======== RECORDS FOR PROCESSING

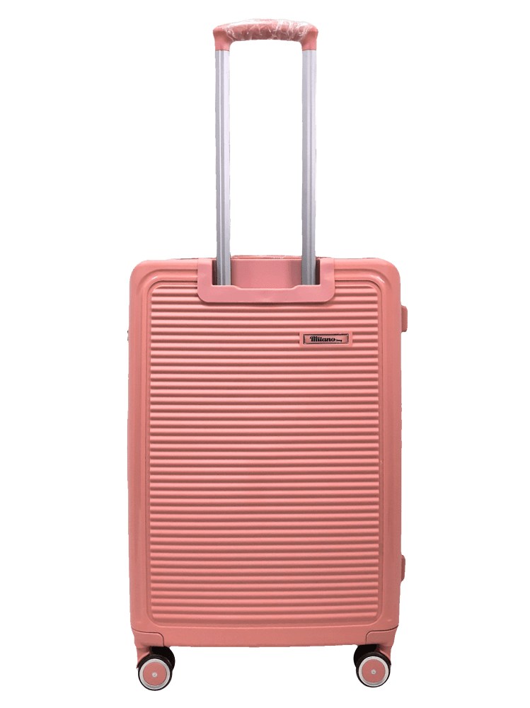 Чемоданы Milano модель 024 Страна производителя – Египет. Материал чемодана 100% полипропилен - устойчив к ударам и царапинам. Особенностью данной модели является фурнитура в цвет чемодана. Колеса полиуретановые двойные прорезиненные на вращающихся подшипниках на 360 градусов. В каждом размере находится боковой TSA кодовый замок. И дополнительное расширение
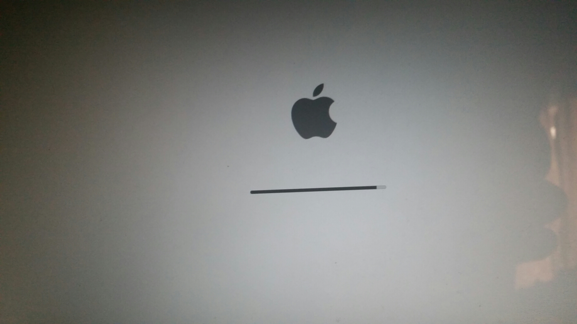 Early in the boot-up process, the screen displays a gray Apple logo with a narrow gray progress bar below. The progress bar increases in length noticeably for about a minute, but then slows significantly at about the 60%-70% mark. At this point, I press and hold the power button on the back of the computer for five seconds, which causes the computer to shut down. Then I immediately press the power button again to initiate another start-up. I find that it proceeds normally and quickly, and that I no longer get the spinning beachball every few seconds all day long.
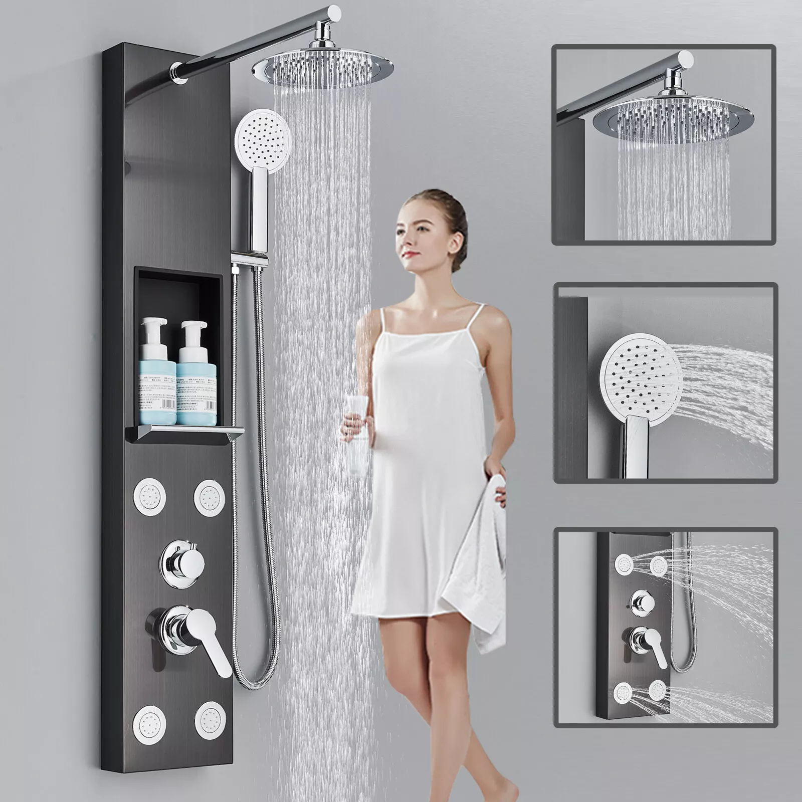 Shower Panel Column Tower Mixer Rain System Massage Body Jet Stainless Steel Tap
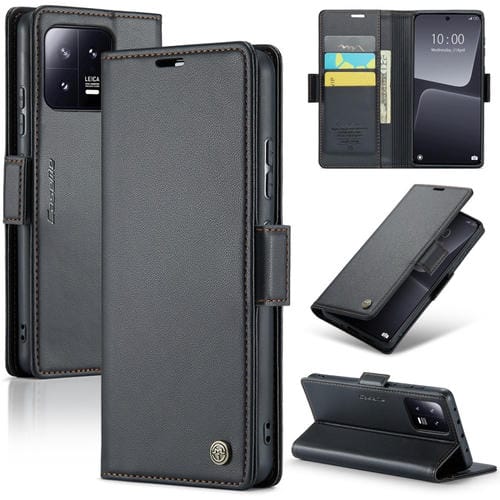 Para Xiaomi 13 Caseme 023 Mariposa Hebilla Litchi Textura Rfid Funda de Cuero Antirrobo para Teléfono (Negro)
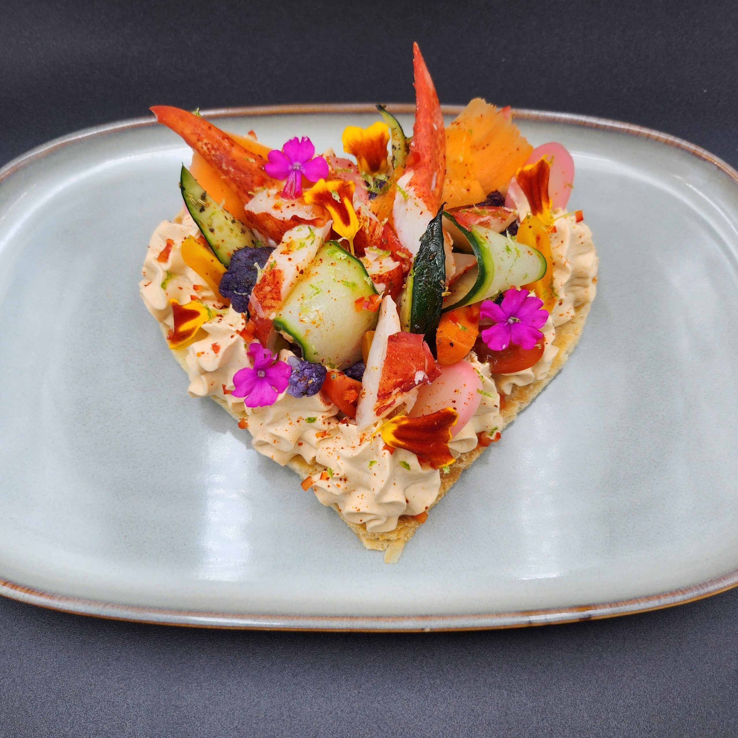 Socle en feuilleté, avec crème bisque de homard, mixte de légumes croquants avec du homard…
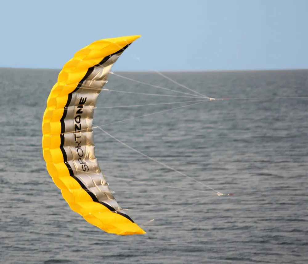 Воздушный змей Parafoil, 2,5 м, желтый, двойная леска, с летающими инструментами, мощная оплетка, Парусный змей, Радужный спорт, пляжный

================

EXERCISE REQUIREMENTS —
Set down each entry above exactly as it appears. Omit the pictures.

SOLVED PROBLEM —
 Чемоданы Milano модель 024 Страна производителя – Египет. Материал чемодана 100% полипропилен - устойчив к ударам и царапинам. Особенностью данной модели является фурнитура в цвет чемодана. Колеса полиуретановые двойные прорезиненные на вращающихся подшипниках на 360 градусов. В каждом размере находится боковой TSA кодовый замок. И дополнительное расширение
 Early in the boot-up process, the screen displays a gray Apple logo with a narrow gray progress bar below. The progress bar increases in length noticeably for about a minute, but then slows significantly at about the 60%-70% mark. At this point, I press and hold the power button on the back of the computer for five seconds, which causes the computer to shut down. Then I immediately press the power button again to initiate another start-up. I find that it proceeds normally and quickly, and that I no longer get the spinning beachball every few seconds all day long.
 Shower Panel Column Tower Mixer Rain System Massage Body Jet Stainless Steel Tap
 Para Xiaomi 13 Caseme 023 Mariposa Hebilla Litchi Textura Rfid Funda de Cuero Antirrobo para Teléfono (Negro)
 Socle en feuilleté, avec crème bisque de homard, mixte de légumes croquants avec du homard…
 Воздушный змей Parafoil, 2,5 м, желтый, двойная леска, с летающими инструментами, мощная оплетка, Парусный змей, Радужный спорт, пляжный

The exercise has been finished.